Without including the pictures, copy out every line below.

* [Data to use]
►

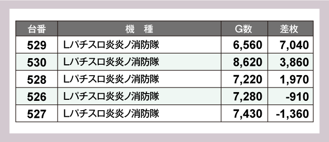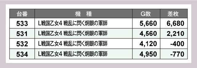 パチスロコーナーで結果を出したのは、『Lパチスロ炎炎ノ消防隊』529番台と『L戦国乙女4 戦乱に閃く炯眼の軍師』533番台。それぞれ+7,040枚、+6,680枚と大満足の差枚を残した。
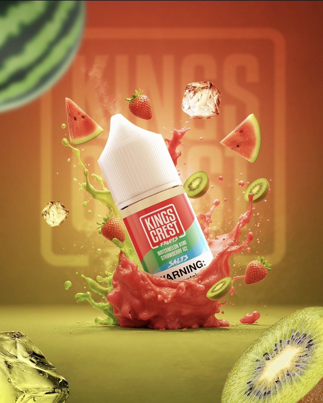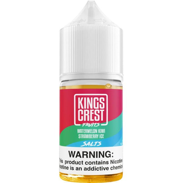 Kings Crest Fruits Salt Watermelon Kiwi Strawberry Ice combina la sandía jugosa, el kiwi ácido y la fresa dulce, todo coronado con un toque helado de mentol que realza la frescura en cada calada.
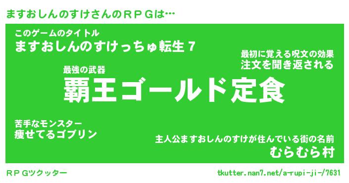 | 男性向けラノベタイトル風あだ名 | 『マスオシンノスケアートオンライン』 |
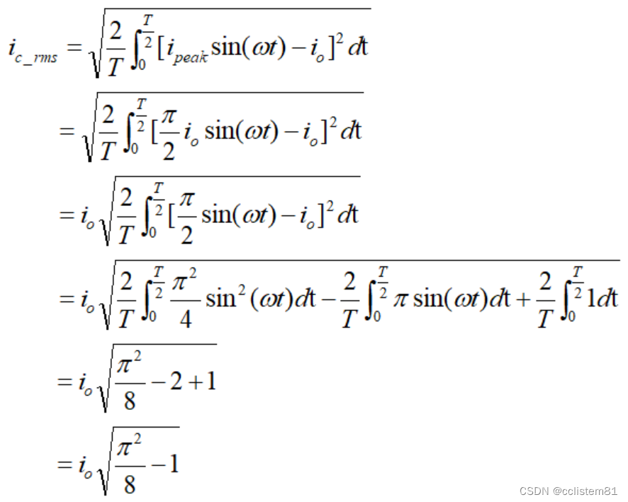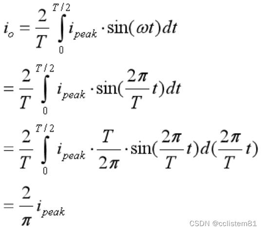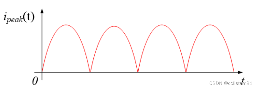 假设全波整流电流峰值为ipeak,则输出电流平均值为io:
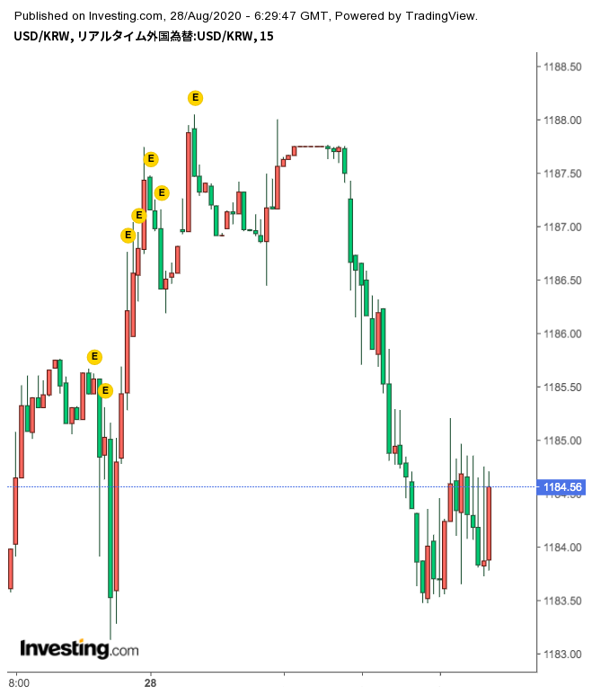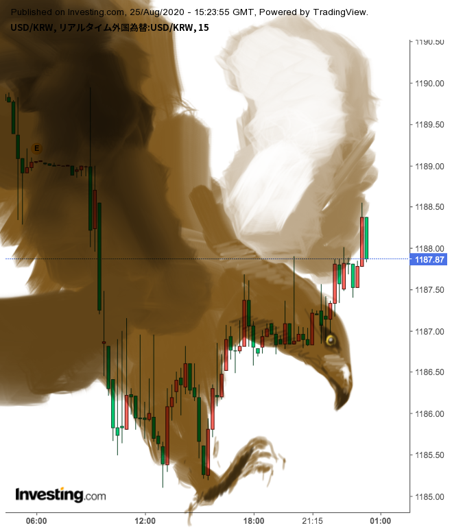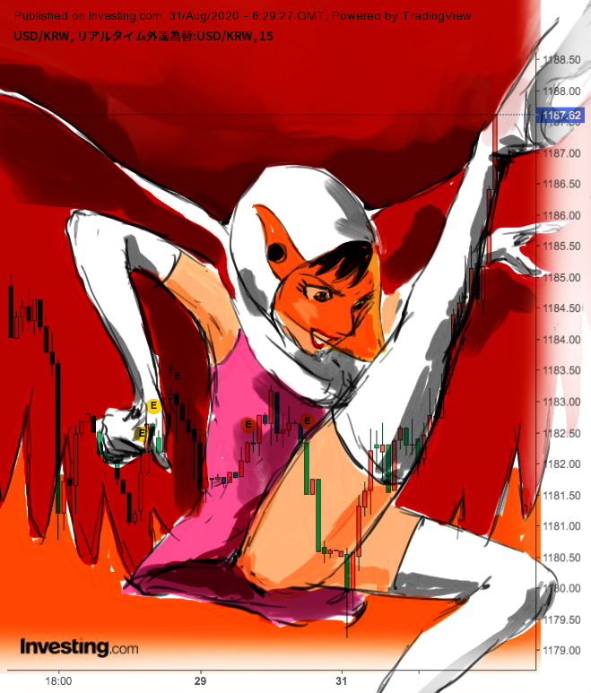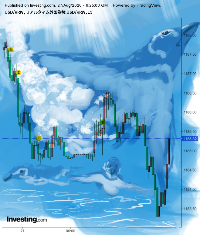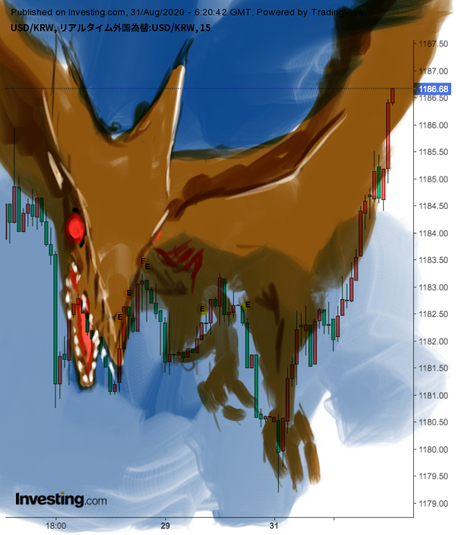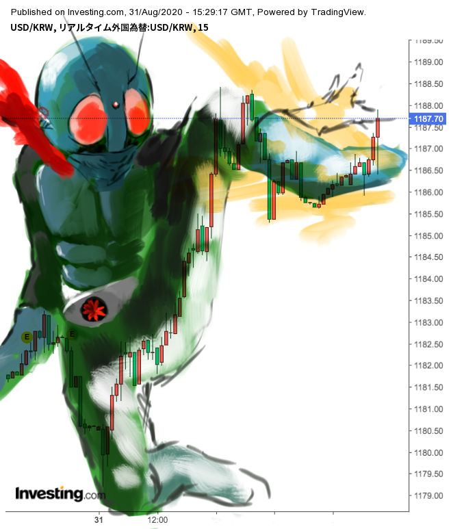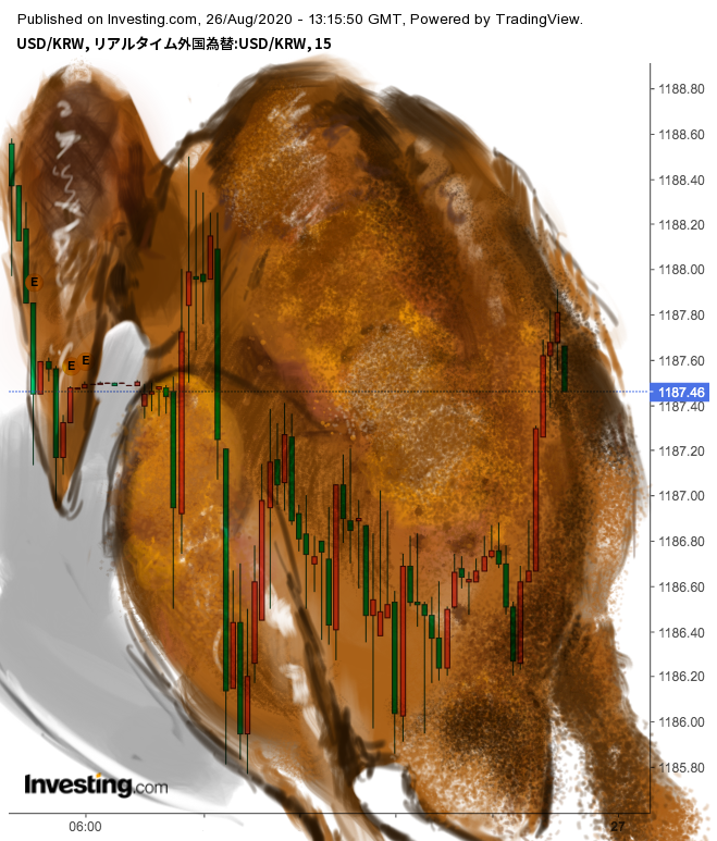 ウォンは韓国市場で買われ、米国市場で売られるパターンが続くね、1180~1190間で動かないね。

◄

* [Expected answer]
 パチスロコーナーで結果を出したのは、『Lパチスロ炎炎ノ消防隊』529番台と『L戦国乙女4 戦乱に閃く炯眼の軍師』533番台。それぞれ+7,040枚、+6,680枚と大満足の差枚を残した。
 Kings Crest Fruits Salt Watermelon Kiwi Strawberry Ice combina la sandía jugosa, el kiwi ácido y la fresa dulce, todo coronado con un toque helado de mentol que realza la frescura en cada calada.
 | 男性向けラノベタイトル風あだ名 | 『マスオシンノスケアートオンライン』 |
 假设全波整流电流峰值为ipeak,则输出电流平均值为io:
 ウォンは韓国市場で買われ、米国市場で売られるパターンが続くね、1180~1190間で動かないね。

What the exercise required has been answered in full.